S’il était un peu hésitant à la sortie de Rouen, le marquage du chemin devient maintenant plus fiable. Et pour quitter le village, il me fait prendre une solide montée pour retrouver le plateau.

Plus que deux heures par de jolis sentiers campagnards et j’arrive à Barneville. J’ai de la chance, j’ai droit à de belles éclaircies.

29

Journal de bord

Rouen Canteleu

Lorsque je quitte ma maison ce matin, le héron survolait la rue de l’Eglise. Je n’avais encore jamais observé cela. Et peu avant l’arrivée de mon train il est passé au dessus du quai… Est ce un signe ?

Et oui, quand je pars marcher, mon sac à dos est probablement trop petit emporter toute ma rationalité.

Toujours est-il que dans cette gare du Nord où je peine toujours un peu à m’orienter, j’ai eu la chance de trouver du premier coup la sortie la plus proche de l’endroit où j’ai rendez-vous avec mon bus.

Trajet somme toute confortable et sans histoires.
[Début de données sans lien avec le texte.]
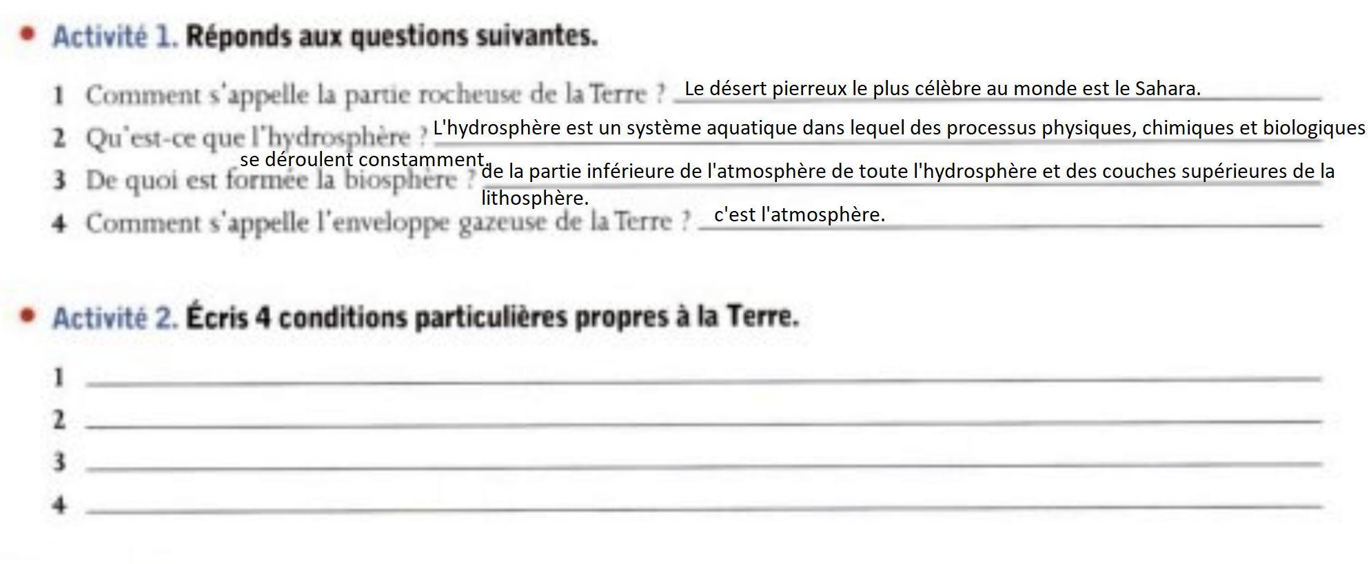 Activité 2. Écris 4 conditions particulières propres à la Terre.
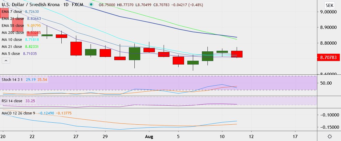 FxWirePro: USD/SEK halts 3-day rally, likely to break below 8.7000
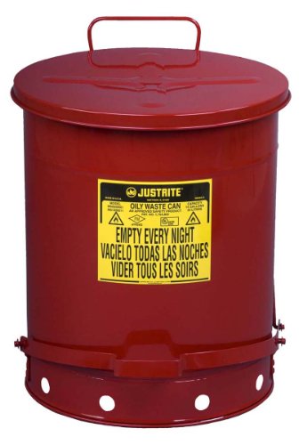 Justrite 9500 Galvanized Steel Oily Waste Safety Can with Foot Lever, 14 Gallons Capacity, Red Reviews
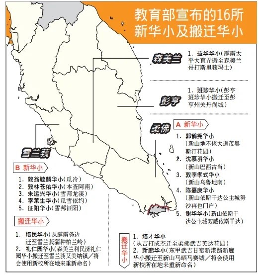 另外2所华小则是在州内进行搬迁,即彭亨关丹班珍华小和柔佛武吉甘蜜新廊华小。

Premier arrêt à Lille puis à Amiens, qui a été le point de départ de mon chemin montais.

Pour arriver après 5h30 de route à Rouen pour un montant imbattable de 34€. Comment se fait-il que le rail ne puisse concurrencer ces entreprises privées?
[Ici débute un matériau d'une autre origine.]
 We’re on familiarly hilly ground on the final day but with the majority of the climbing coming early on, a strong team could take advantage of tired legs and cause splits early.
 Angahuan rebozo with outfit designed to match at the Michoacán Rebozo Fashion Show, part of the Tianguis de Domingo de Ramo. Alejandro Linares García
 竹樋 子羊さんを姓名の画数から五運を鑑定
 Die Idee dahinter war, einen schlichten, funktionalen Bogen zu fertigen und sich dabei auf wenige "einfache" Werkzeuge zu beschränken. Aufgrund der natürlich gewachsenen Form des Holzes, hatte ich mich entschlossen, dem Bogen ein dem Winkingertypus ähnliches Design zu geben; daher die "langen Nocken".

Le clou posé devant la cathédrale qui marque le début du Chemin de Rouen

Je retrouve Rouen qui, cette fois, est animé par une braderie qui sera couronnée ce soir par un concert « rock-trash-musette ».

Dommage, je ne pourrai pas m’y défouler, il y a un chemin qui m’attend.

Derrière votre pèlerin, LE Gros-Horloge, au masculin svp, car il paraît qu’en vieux françois c’était comme ça.

Ensuite je passe à côté de

Une église Sainte Jeanne d’Arc aux formes étonnantes à été érigée sur la place du Marché, à l’endroit exact où la pucelle a subi son supplice à 19 ans.

Vous avez déjà rencontré un boulevard des Français en Belgique ?

Après avoir croisé la rue Saint Jacques, je me retrouve sur les quais de la Seine pour une sortie de ville bien plus sympathique que le chemin tracé pour y entrer.

Je loge à Canteleu, chez Christine. Si mon hôtesse est très souriante, le quartier l’est un peu moins.

8 km

Journal de bord

Le chemin des miquelots

Au moyen-âge, les trois pèlerinages les plus importants étaient ceux de Jérusalem, de Rome et de Compostelle. Le quatrième était celui menant au Mont-Saint-Michel. Je n’ai pas envie de faire le voyage jusqu’en « Terre Sainte », qui malheureusement pour le moment est surtout « Terre de violence ». Je suis déjà jacquet et roumieux. Alors pourquoi-pas tenter le chemin des miquelots ?

En venant de Bruxelles, ou de Linkebeek d’ailleurs, son balisage commence à Amiens, depuis la Somme qui a été l’extrême limite du territoire des Ducs de Normandie. 

En y réfléchissant un peu, le but de ce voyage est particulier. Les autres chemins rejoignent les tombeaux du Christ ou de ses principaux apôtres, Pierre et Paul à Rome, ensuite Jacques, bien sûr, à Compostelle. Alors que celui du Mont, il même au lieu où on vénère un ange. Et même un gradé, un archange. Donc pas de tombeau, pas de châsse, pas de reliques… mais que va-t-on y honorer ? J’aimerais bien percer ce mystère.